Rats and mice are also mammals and due to their abundance in the urban landscape, they’ll be an excellent food source. Just be aware of where you’re catching them. Avoid catching rats near the dumpsters or smelly allies as they probably have unhealthy diets. Hunt for rats in the parks and forested areas as they’ll be much healthier.
During World War II the Nazis farmed and bread rats for consumption due to their rapid growth, reproduction cycle and low maintenance. They were actually considered a delicacy! If you have a large supply of grains or rice, having a rat or mouse farm can be a very lucrative and smart investment.
Unlike reptiles and insects, all birds are edible. As with all wild creatures, the trick to catching birds is in knowing the habits and behaviors of the various species.
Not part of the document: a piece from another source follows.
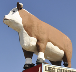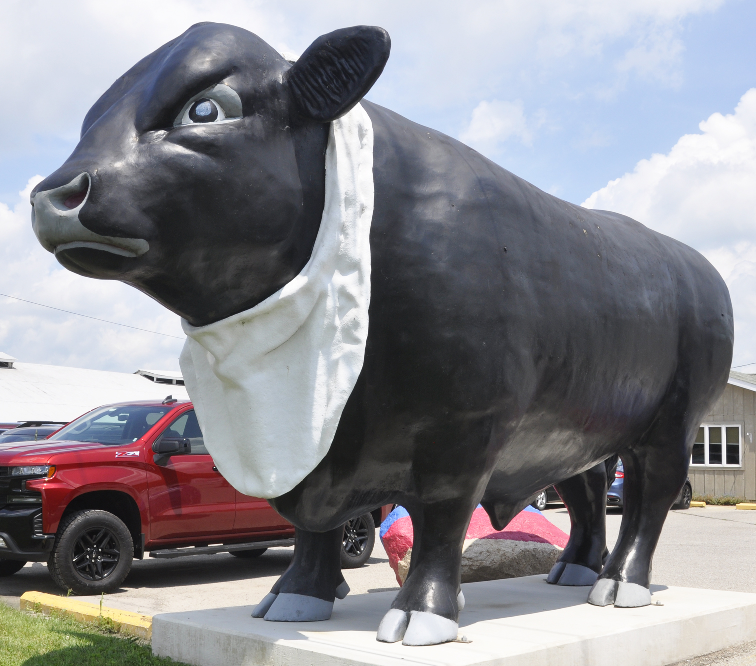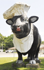 | The Bull statues below with the chef's hats are a different model from those shown above. They are smaller, the body and head are not as beefy, the ears are smaller, and the head is cocked slightly to the left. The horns curl around from behind the ears. The left hind legs are next to one another. The chef's hats are taller than those above. These statues probably all came with a protruding tongue like the one in Onsted shown below. These statues were produced by Sculptured Advertising in Sparta, WI in the early 1960s. |

For example, if you study the birds’ activities you will see their flyways (the air routes they take from the roost to feeding areas, water, and back to the roost). After you’ve learned these patterns, a trap can then be set across the flyway. In general, roosting sites and bodies of water are good places to set up traps or snares. With some birds such pigeons, you can take the bird directly from its roost by hand at night! Some birds during nesting season will not leave their nest day or night, even when danger is near. Thus knowing when and where the birds are likely to nest will make it much easier to catch them.
Don’t forget that nesting birds also mean eggs! Don’t remove all of the eggs; leave a few and mark them in some way. Some birds will lay more eggs to “refill” the nest and so when you return you’ll be able to tell which eggs are the fresh ones (they’ll be the ones without a mark). Take the eggs, again leaving the marked ones and you can keep coming back again repeating the process. In an urban environment you’ll find that birds set up their nests on building rooftops, thick hedges, building ledges and the places humans usually don’t venture.
One of the easiest ways to catch a larger bird (excluding Crows due to their intelligence) is to just feed them! City birds such as Pigeons and Sea Galls are so use to humans that you can virtually hand feed them, meaning you can lure them in with some food then either club a few to death or just grab them with gloved hands and break their necks. Another method is to place a small bite size chunk of bread around a fish hook tied to a fishing wire. Throw the hooked bread out to a timid bird and when they’ve swallowed it down… pull the wire and reel them in. Sounds easy, doesn’t it?